Records from a data source:
▬▬▬

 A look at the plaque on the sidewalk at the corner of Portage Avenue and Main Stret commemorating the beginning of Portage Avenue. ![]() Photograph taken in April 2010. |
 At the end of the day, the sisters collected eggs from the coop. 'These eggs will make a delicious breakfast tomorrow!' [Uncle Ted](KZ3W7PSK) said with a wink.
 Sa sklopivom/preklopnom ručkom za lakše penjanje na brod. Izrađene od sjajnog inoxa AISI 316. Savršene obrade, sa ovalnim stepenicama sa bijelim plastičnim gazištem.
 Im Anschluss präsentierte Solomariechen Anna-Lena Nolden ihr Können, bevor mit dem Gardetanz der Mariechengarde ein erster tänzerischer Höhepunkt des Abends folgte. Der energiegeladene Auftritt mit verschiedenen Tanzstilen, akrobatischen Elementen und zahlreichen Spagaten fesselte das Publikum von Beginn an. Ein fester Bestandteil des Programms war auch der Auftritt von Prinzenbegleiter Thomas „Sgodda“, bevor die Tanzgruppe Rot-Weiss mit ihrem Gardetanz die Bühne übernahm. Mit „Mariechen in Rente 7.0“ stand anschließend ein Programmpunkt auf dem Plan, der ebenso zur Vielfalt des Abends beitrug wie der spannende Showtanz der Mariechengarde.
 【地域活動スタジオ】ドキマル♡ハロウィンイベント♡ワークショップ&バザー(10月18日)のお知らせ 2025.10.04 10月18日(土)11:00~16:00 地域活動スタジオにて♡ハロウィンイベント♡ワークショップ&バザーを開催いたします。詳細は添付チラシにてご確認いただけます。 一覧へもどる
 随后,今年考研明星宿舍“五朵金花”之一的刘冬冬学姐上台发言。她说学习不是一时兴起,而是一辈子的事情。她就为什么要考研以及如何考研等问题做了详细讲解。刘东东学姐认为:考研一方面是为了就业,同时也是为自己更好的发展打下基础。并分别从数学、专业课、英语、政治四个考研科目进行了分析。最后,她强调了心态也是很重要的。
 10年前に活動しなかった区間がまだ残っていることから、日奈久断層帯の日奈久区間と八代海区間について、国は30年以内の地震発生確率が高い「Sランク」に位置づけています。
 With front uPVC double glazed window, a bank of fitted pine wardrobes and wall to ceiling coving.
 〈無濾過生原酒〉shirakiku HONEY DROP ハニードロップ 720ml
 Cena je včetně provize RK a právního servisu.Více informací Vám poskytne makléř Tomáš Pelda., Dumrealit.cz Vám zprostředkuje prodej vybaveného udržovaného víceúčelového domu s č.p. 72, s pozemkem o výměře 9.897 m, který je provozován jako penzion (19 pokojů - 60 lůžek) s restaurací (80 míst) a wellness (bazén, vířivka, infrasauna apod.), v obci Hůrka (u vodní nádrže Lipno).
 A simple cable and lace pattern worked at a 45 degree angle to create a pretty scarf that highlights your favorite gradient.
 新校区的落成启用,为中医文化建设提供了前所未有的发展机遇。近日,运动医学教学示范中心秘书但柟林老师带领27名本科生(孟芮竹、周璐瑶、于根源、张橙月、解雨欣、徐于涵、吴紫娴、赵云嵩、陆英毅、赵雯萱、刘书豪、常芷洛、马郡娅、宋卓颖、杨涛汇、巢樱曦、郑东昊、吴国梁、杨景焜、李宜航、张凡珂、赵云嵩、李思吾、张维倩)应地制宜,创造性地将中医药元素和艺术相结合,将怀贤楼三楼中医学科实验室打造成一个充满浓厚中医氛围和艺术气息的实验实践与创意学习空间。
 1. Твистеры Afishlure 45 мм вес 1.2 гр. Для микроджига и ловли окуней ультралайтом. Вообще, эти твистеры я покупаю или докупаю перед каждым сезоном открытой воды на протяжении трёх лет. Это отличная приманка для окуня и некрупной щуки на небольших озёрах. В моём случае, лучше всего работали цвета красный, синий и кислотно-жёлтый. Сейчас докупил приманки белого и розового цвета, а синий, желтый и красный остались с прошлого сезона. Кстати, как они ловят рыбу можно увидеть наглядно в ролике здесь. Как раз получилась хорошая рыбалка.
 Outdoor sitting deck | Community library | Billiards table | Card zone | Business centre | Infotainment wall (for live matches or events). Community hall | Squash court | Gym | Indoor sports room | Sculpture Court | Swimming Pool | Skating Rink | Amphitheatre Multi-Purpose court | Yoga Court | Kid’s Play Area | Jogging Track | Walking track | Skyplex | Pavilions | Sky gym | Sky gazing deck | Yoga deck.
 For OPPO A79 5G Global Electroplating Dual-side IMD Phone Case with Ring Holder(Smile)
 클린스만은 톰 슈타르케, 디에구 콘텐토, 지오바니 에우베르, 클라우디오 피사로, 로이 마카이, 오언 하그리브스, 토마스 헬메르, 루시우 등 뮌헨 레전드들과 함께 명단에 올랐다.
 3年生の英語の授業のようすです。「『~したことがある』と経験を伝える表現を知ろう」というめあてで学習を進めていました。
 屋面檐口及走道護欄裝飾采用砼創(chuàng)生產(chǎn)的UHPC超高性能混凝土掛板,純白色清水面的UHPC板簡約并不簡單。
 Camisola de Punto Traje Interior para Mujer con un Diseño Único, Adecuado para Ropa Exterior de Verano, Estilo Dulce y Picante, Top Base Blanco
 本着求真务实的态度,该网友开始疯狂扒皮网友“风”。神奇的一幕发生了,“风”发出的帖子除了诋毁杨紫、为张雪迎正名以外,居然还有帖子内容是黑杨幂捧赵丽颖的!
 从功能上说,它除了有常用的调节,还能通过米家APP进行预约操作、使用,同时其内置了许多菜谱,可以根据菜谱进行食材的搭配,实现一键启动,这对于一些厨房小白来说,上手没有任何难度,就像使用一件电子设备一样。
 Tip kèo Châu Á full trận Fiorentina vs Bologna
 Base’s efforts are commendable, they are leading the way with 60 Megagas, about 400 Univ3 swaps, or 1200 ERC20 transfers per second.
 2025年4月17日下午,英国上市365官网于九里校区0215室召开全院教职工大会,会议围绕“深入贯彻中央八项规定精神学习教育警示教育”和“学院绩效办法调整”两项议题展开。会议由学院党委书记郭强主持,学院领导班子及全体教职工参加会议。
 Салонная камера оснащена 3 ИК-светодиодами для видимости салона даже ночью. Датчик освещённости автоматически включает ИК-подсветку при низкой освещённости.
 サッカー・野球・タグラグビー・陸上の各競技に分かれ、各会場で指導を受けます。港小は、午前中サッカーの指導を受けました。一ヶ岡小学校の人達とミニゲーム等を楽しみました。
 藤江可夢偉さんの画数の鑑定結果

▬▬▬

Activity: Copy down each line in the entries that has the word "Base".

Response to the exercise:
 Camisola de Punto Traje Interior para Mujer con un Diseño Único, Adecuado para Ropa Exterior de Verano, Estilo Dulce y Picante, Top Base Blanco
 Base’s efforts are commendable, they are leading the way with 60 Megagas, about 400 Univ3 swaps, or 1200 ERC20 transfers per second.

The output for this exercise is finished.